■ WHAT IS REQUIRED
Once the line containing "北京工业大学工会干部在听取介绍的过程中不时详细的咨询" is found in the entries below, reproduce it and every line after it, stopping at and including the line containing "- Кокос (порезанного"; reproduce nothing else, and keep each line exact.

■ THE DATA
====

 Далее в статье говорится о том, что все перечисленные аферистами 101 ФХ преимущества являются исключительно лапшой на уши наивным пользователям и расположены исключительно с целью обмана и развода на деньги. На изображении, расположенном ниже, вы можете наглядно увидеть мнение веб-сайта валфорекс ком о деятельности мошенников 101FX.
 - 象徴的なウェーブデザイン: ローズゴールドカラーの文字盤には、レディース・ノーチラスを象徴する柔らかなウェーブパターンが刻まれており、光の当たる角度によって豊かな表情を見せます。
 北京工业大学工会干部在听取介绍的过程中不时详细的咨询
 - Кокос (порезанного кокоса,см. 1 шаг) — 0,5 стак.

====

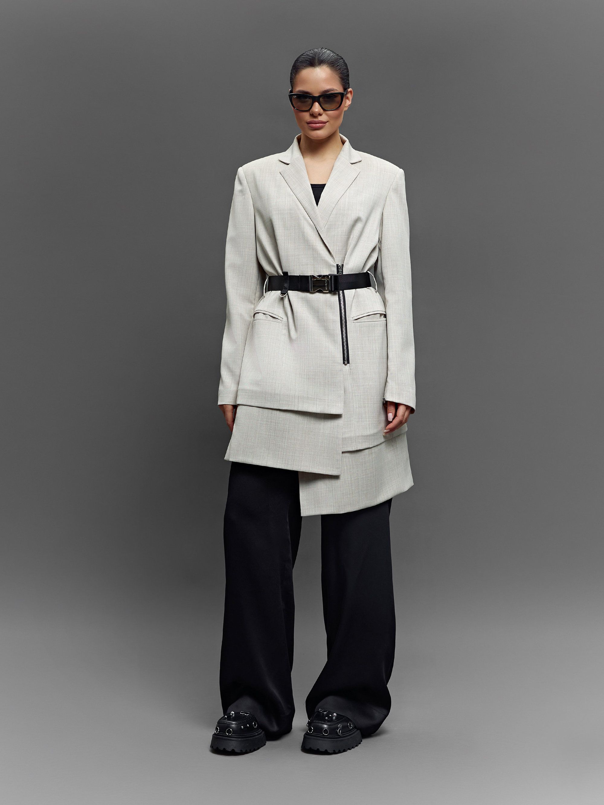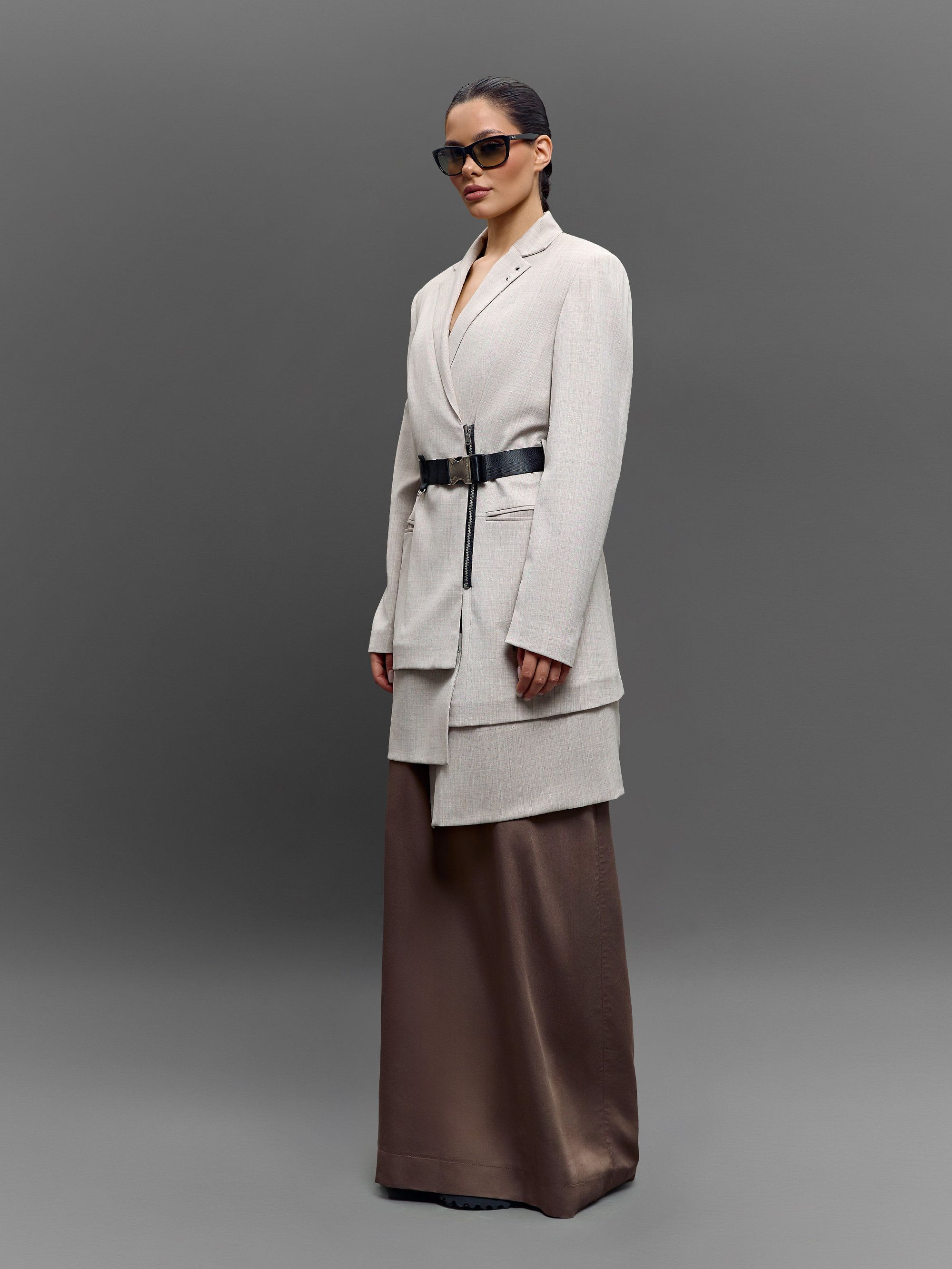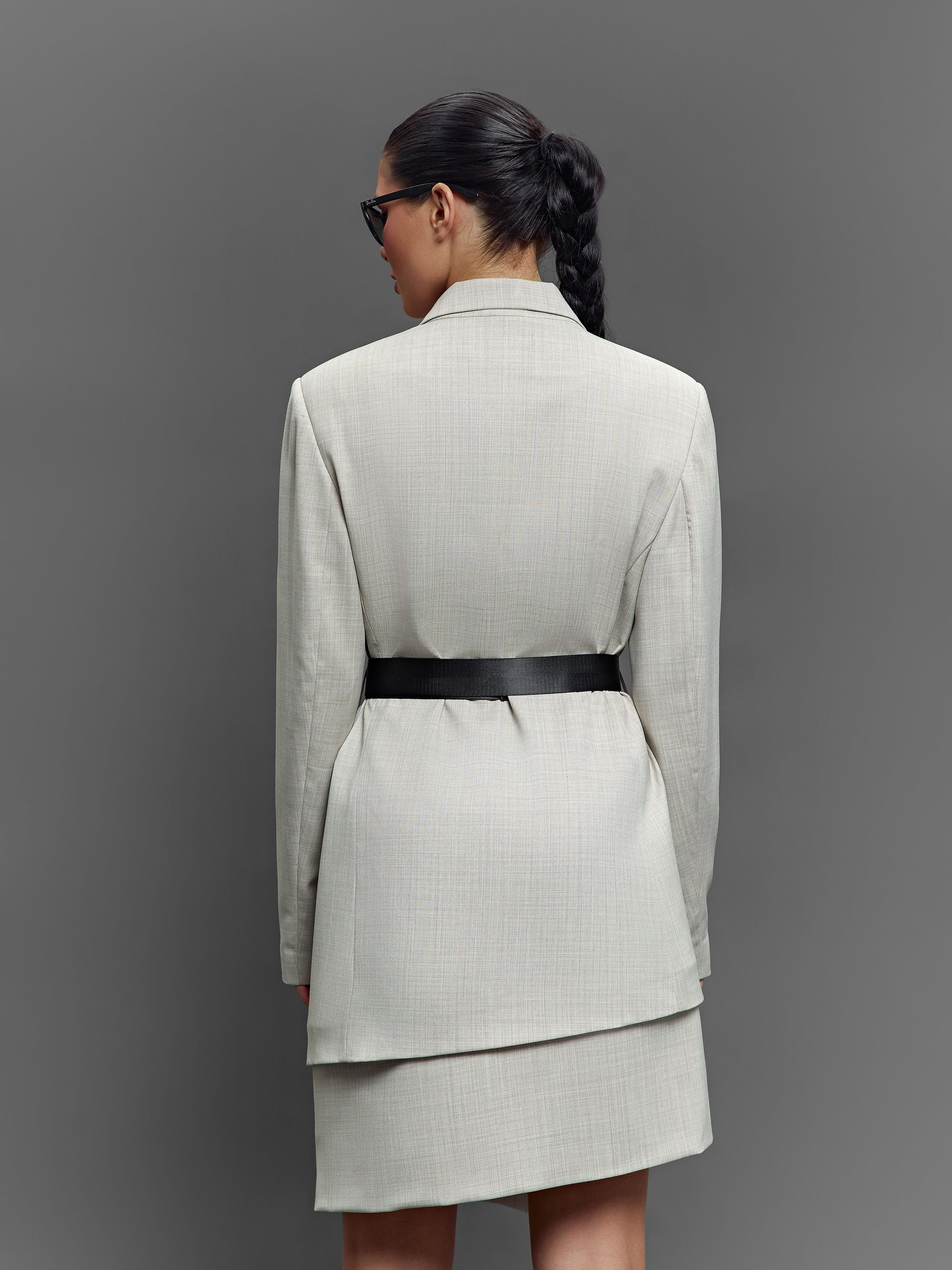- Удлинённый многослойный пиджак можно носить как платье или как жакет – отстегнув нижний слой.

====

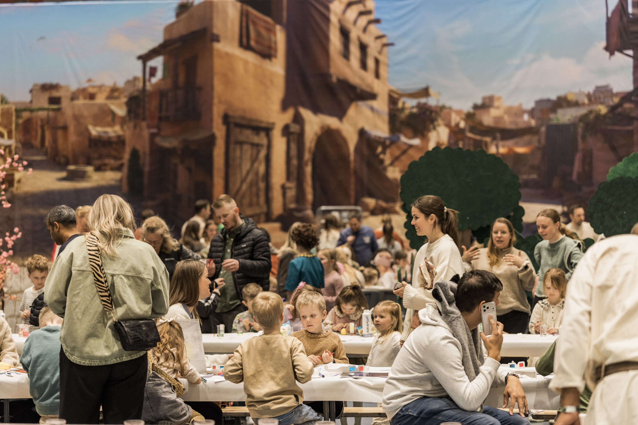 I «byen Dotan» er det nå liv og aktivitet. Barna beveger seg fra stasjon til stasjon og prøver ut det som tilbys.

====

■ FINISHED EXERCISE
 北京工业大学工会干部在听取介绍的过程中不时详细的咨询
 - Кокос (порезанного кокоса,см. 1 шаг) — 0,5 стак.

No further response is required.